Deleting data can be done with either rmdir() (to remove an empty directory) or deleteFile() (to remove a file). In either case, the protocol executed is

1. The client executes listDir() on the parent directory

2. If an inode by the given name does not exist, then the method fails.

3. The client removes the inode's name and ID from the directory listing, signs the new directory, and replicates it to the Blockstack Core node.

4. The client tells the Blockstack Core node to delete the inode's header and payload from all storage systems.

Advanced Topics

These features are still being implemented.

Data Integrity

What happens if the client crashes while replicating new inode state? What happens if the client crashes while deleting inode state? The data hosted in the underlying data stores can become inconsistent with the directory structure.

Given the choice between leaking data and rendering data unresolvable, Gaia chooses to leak data.

Partial Inode-creation Failures

When creating a file or directory, Gaia stores four records in this order:

• the new inode payload

• the new inode header

• the updated parent directory payload

• the updated parent directory header

If the new payload replicates successfully but the new header does not, then the new payload is leaked.

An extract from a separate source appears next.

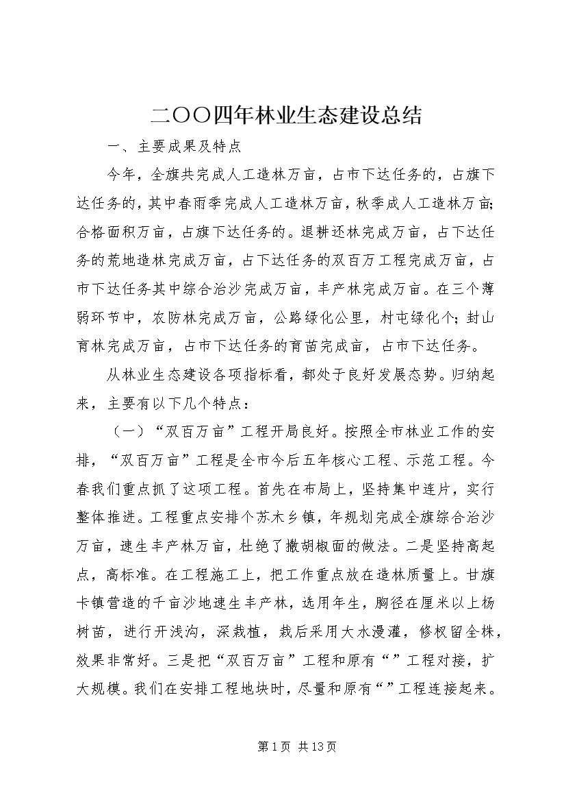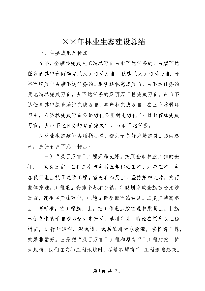 ××年林业生态建设总结一、主要成果及特点今年全旗共完成人工造林万亩占市下达任务的占旗下达任务的其中春雨季完成人工造林万亩秋季成人工造林万亩;合格面积万亩占旗下达任务的。退耕还林完成万亩占下达任务的荒地造林完成万亩占下达任务的双百万工程完成万亩占市下达任务其中综合治沙完成万亩丰产林完成万亩。在三个薄弱环节中农防林完成万亩公路绿化公里村屯绿化个;封山育林完成万亩占市下达任务的育苗完成亩占市下达任务。从林业生态建设各项指标看都处于良好发展态势。归纳起来主要有以下几个

If the new payload and new header replicate successfully, but neither parent directory record succeeds, then the new inode header and payload are leaked.

If the new payload, new header, and updated parent directory payload replicate successfully, but the updated parent header fails, then not only are the new inode header and payload leaked, but also reading the parent directory will fail due to a hash mismatch between its header and inode. This can be detected and resolved by observing that the copy of the header in the parent directory payload has a later version than the parent directory header indicates.

Partial Inode-deletion Failures

When deleting a file or directory, Gaia alters records in this order:

• update parent directory payload

• update parent directory header

• delete inode header

• delete inode payload

Similar to partial failures from updating parent directories when creating files, if the client replicates the new parent directory inode payload but fails before it can update the header, then clients will detect on the next read that the updated payload is valid because it has a signed inode header with a newer version.

If the client successfully updates the parent directory but fails to delete either the inode header or payload, then they are leaked. However, since the directory was updated, no correct client will access the deleted inode data.

Leak Recovery

Gaia's storage drivers are designed to keep the inode data they store in a "self-contained" way (i.e. within a single folder or bucket). In the future, we will implement a fsck-like tool that will scan through a datastore and find the set of inode headers and payloads that are no longer referenced and delete them.

Multi-Device Support

Contemporary users read and write data across multiple devices. In this document, we have thus far described datastores with the assumption that there is a single writer at all times.

This assumption is still true in a multi-device setting, since a user is unlikely to be writing data with the same application simultaneously from two different devices.

However, an open question is how multiple devices can access the same application data for a user. Our design goal is to give each device its own keyring, so if it gets lost, the user can revoke its access without having to re-key her other devices.

To do so, we'll expand the definition of a datastore to be a per-user, per-application, and per-device collection of data. The view of a user's application data will be constructed by merging each device-specific datastore, and resolving conflicts by showing the "last-written" inode (where "last-written" is determined by a loosely-synchronized clock).

For example, if a user uploads a profile picture from their phone, and then uploads a profile picture from their tablet, a subsequent read will query the phone-originated picture and the tablet-originated picture, and return the tablet-originated picture.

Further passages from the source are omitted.